Raihal Fajri, executive director of the Katahati Institute, an Aceh-based organization advocating for democracy, said the widespread implementation of "cash for work" programs, where local residents were paid to do reconstruction work, eroded the willingness of many to engage in volunteer work.

"The value of communal work was changed by the United Nations agencies and international NGOs that wanted to give something to motivate people to get involved. But before the tsunami, when the village chief asked the people to work, they did so. And no one paid them for it," she said. "Now people won't do anything unless they get paid. If an NGO wants to have a meeting, people ask what they'll get paid to come to the meeting. Volunteerism has been lost."

According to Fajri, many aid agencies also had difficulty understanding the nuances of gender in Aceh.

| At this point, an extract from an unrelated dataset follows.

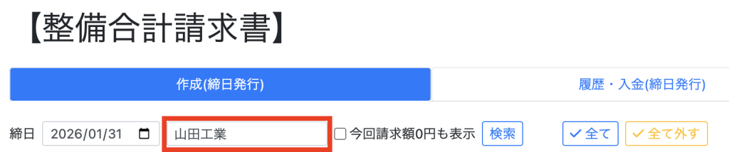 2026.01.08 【整備合計請求書】「作成(締日発行)」タブを「請求先名」で検索可能に 【整備合計請求書】「作成(締日発行)」タブを「請求先名」で検索できるようになると嬉しいです。 というユーザー様からのご要望にお応えします。

"Because Acehnese culture tries to protect women, the family house and the land where it sits is usually given to a daughter, not a son," she said. "If the daughter marries and has children, and then her husband divorces her or dies, the woman has the security of owning the house. That protects her and her children from abuse."

Yet not everyone who came to Aceh after the tsunami understood that principle.

"The United Nations Development Program wanted to issue land titles only in the husbands' names, and we had to push to get them to recognize local customs and issue the titles in the women's names. If there is other property, such as agricultural land, that is usually registered in the name of the man. But the house should be in the woman's name," Fajri said.